Avani Tewari ist 19 Jahre alt und studiert Jura an der Jindal Global Law School in Sonipat, nördlich von Delhi. Für dieses Dossier analysiert die junge Bloggerin wöchentlich die Mediendebatte nach der Wahl.

Jede neue Regierung muss sich Problemen stellen – manche davon sind alte Wunden, die schon von mehreren Vorgängerregierungen mehr oder minder notdürftig versorgt wurden, andere sind frische Verletzungen, die neue Maßnahmen erfordern. In ihren Wahlprogrammen schlagen die Parteien gerne Lösungen für alte Probleme vor. Dabei ist es jedoch wichtig, dass diese Lösungen im Einklang mit den ethischen Grundlagen einer demokratischen Regierung stehen. Dasselbe gilt für Probleme, die nach der Wahl auftauchen: Jeder Streit muss in einer Art und Weise beigelegt werden, dass die Menschen nicht das Vertrauen in die Regierung verlieren. Kaum einen Monat im Amt, muss sich die neue Regierung schon mit zahlreichen Problemen herumschlagen, einige hausgemacht, die anderen außerhalb ihrer Kontrolle.
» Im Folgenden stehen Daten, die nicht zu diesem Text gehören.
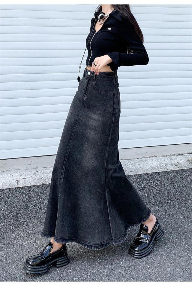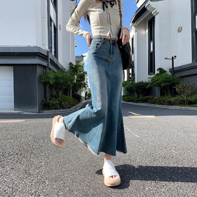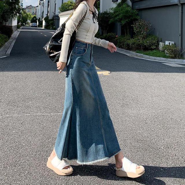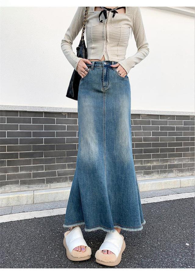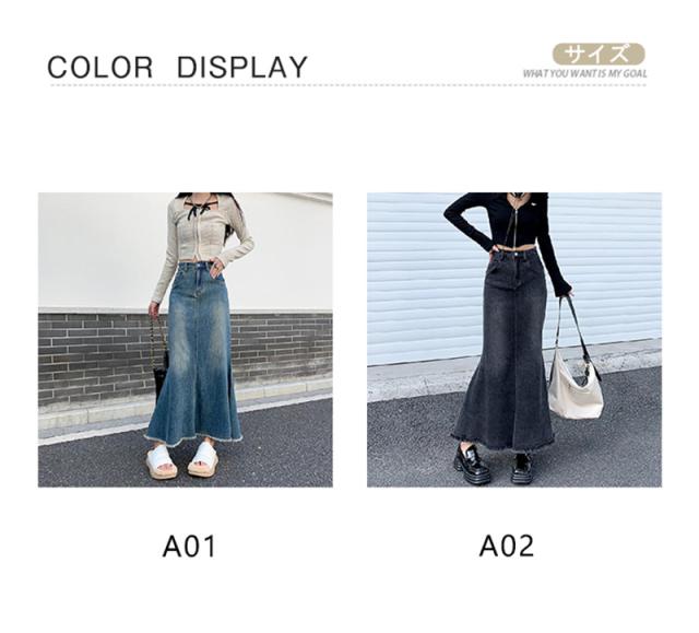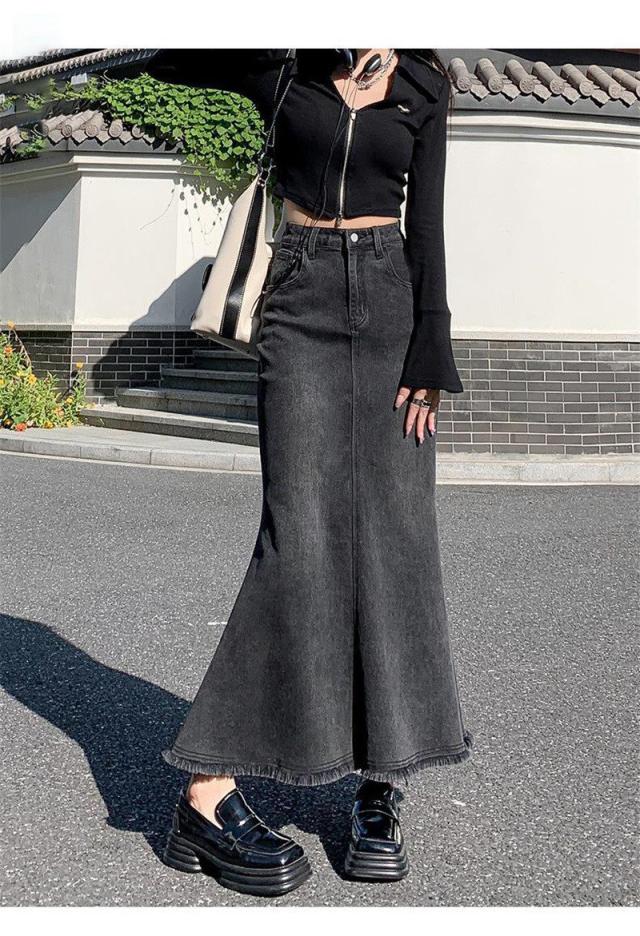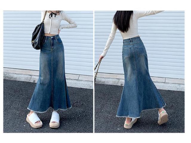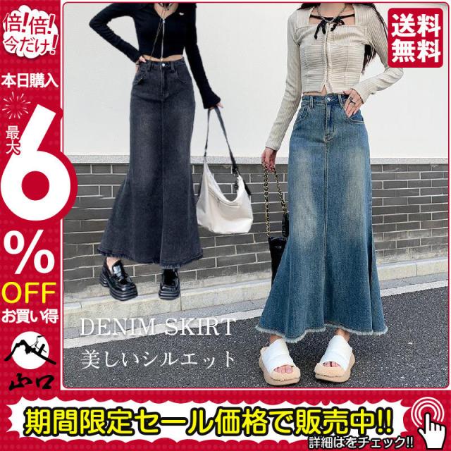 デニムスカート マーメイドスカート レディース タイトスカート ロング マキシ丈 ボトムス 可愛い お洒落 無地 Aライン 春夏秋

Modi gerät im Irak zwischen die Fronten

Die Folgen der Einnahme einiger irakischer Städte durch die sunnitischen ISIS-Kämpfer waren auch in Indien zu spüren und stellten die erste außenpolitische Herausforderung für die neue Regierung dar. Seit Jahren arbeiten viele indische Staatsbürger im Nahen Osten und den Golfstaaten. Kürzlich nahmen die ISIS-Rebellen in den Städten Tikrit und Mosul 46 indische Krankenschwestern und 40 indische Bauarbeiter gefangen. Die Familien der entführten Inderinnen und Inder forderten vehement, die Regierung solle intervenieren und auf Freilassung drängen. Das indische Außenministerium richtete unverzüglich einen Krisenstab ein und schickte den früheren Botschafter im Irak los, da er noch über gute Kontakte im Land verfügen soll. Darüber hinaus setzte es sich mit den Regierungen in den Golfstaaten und mit mehreren NROs in Verbindung, um die gefangenen Inder/innen zu befreien. Die indische Regierung nutzte auch ihre hochrangigen Kontakte in Syrien, der Türkei und Jordanien, da diese Länder an das ISIS-Gebiet angrenzen. Während es der Regierung gelang, die Freilassung der Krankenschwestern zu erwirken, befinden sich die Bauarbeiter weiterhin in Gefangenschaft.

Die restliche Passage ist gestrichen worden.